PINNACLE resolves this by integrating three complementary data sources — a global protein interaction network, cell-type-specific protein interaction networks derived from single-cell transcriptomics, and a tissue hierarchy metagraph — to produce a unique embedding for each protein in each cell type where it is active. Trained on a multi-organ single-cell atlas spanning 24 human tissues and organs, PINNACLE generates 394,760 protein representations distributed across 156 cell-type contexts, constituting the largest contextualized protein embedding space of its kind at the time of publication.
The work was led by Michelle M. Li, Yepeng Huang, Marissa Sumathipala, and colleagues including Marinka Zitnik, Alberto Valdeolivas, and collaborators with expertise in rheumatology and gastroenterology at Brigham and Women's Hospital. The model is freely available through GitHub and HuggingFace, and pretrained checkpoints can be fine-tuned for downstream tasks.

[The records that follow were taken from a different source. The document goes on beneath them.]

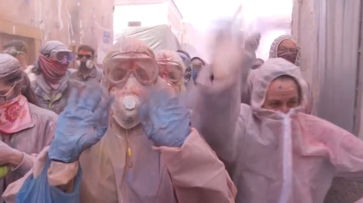 De Griekse stad Galaxidi veranderde in een kleurrijk slagveld tijdens de jaarlijkse 'meel-oorlog'. De eeuwenoude traditie markeert het einde van het carnavalsseizoen.
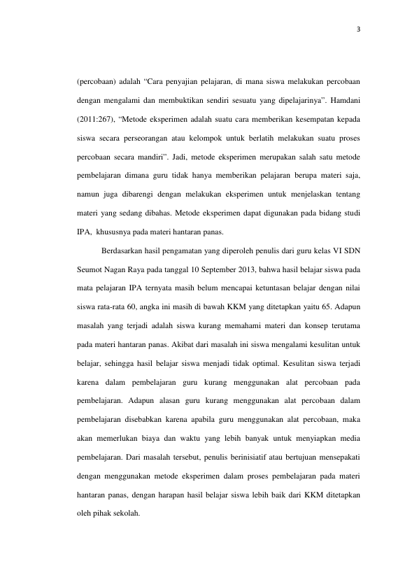 siska irmayani, PENGGUNAAN METODE EKSPERIMEN TERHADAP KETUNTASAN HASIL BELAJAR SISWA PADA MATERI HANTARAN PANAS DI KELAS VI SDN SEUMOT NAGAN RAYA. Banda Aceh Fakultas Keguruan dan Ilmu Pendidikan,2014
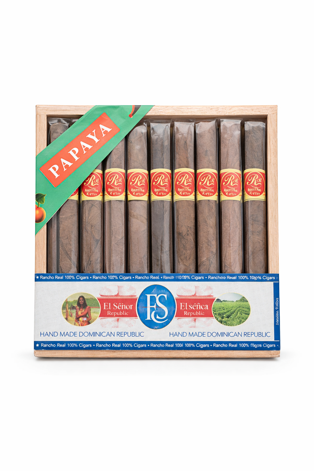 Papaya od Rancho Real Cigars to ręcznie robione cygara z Dominikany, stworzone z myślą o palaczach, którzy cenią łagodny, aromatyczny profil i egzotyczny charakter. Inspiracją dla tej linii są tropikalne nuty papai, które subtelnie łączą się z naturalnym smakiem dominikańskiego tytoniu.
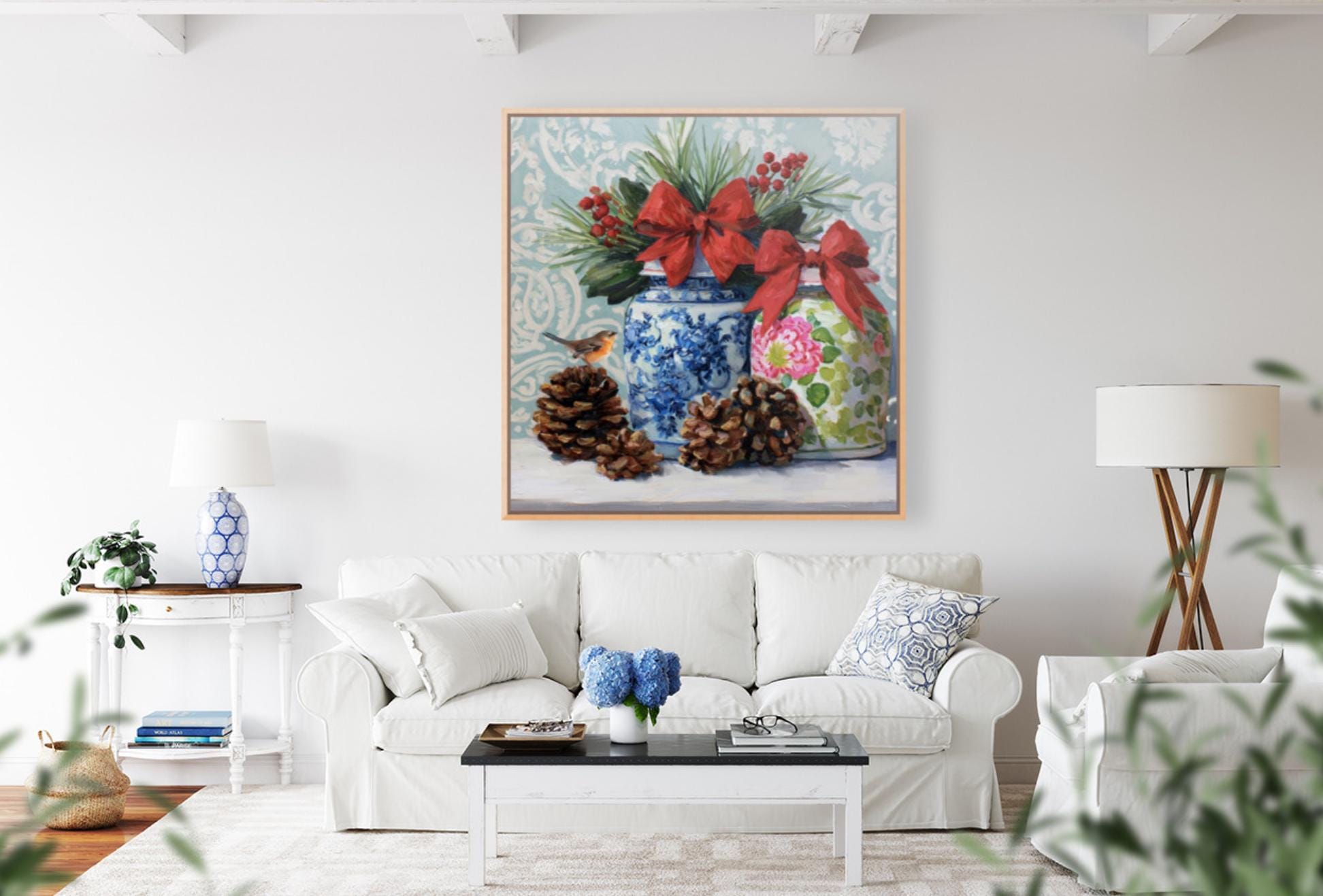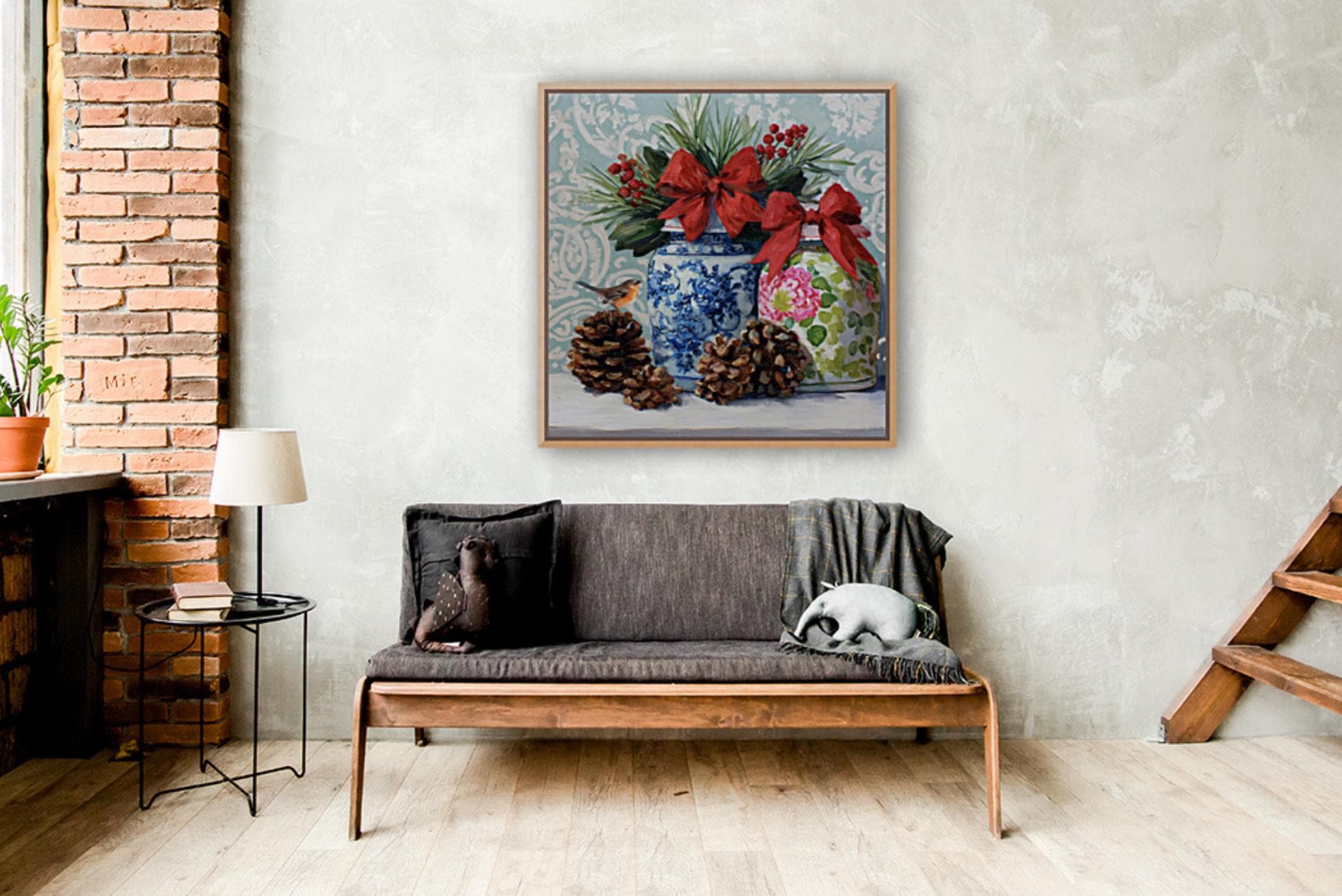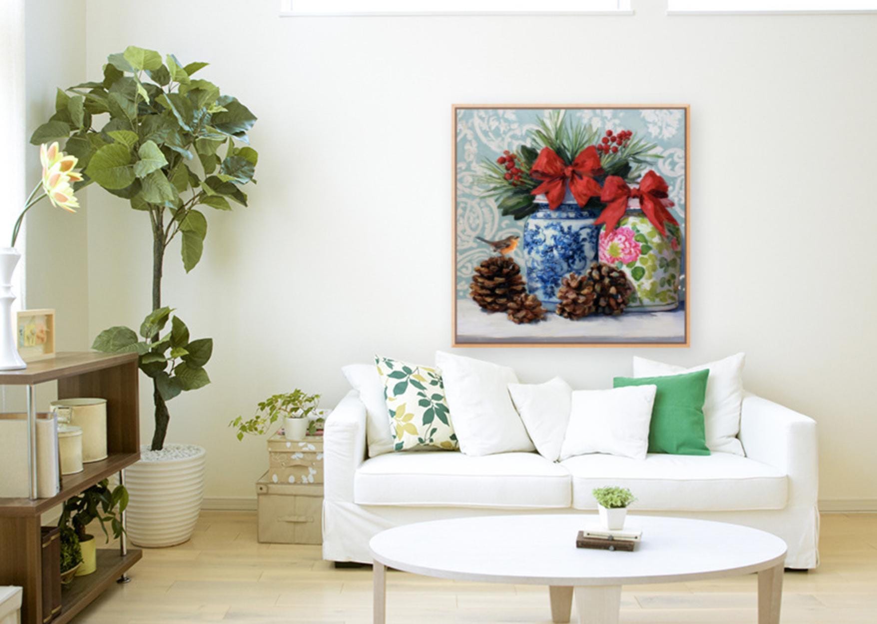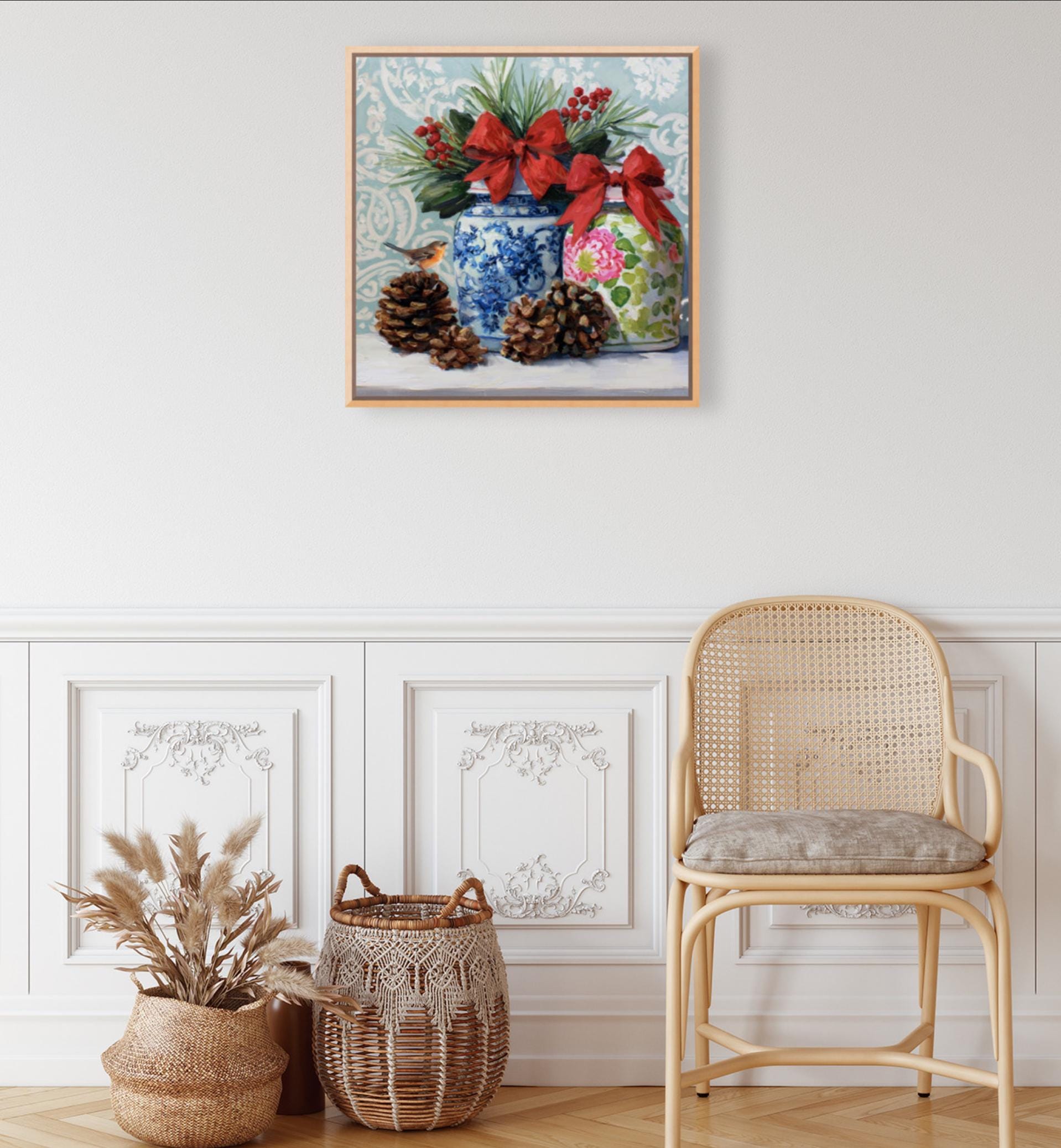 Christmas Still Life Giclée Print: Ginger Jars, Robin and Pine Cones

PINNACLE is built on geometric deep learning, a family of methods that generalize neural networks to graph-structured data. The model operates on a hierarchical graph construction: cell-type-specific protein interaction networks (derived by weighting a global reference interactome with single-cell gene expression data) are connected via a metagraph encoding cell-type-to-cell-type and cell-type-to-tissue relationships. This nested, multi-resolution graph is the input over which PINNACLE learns.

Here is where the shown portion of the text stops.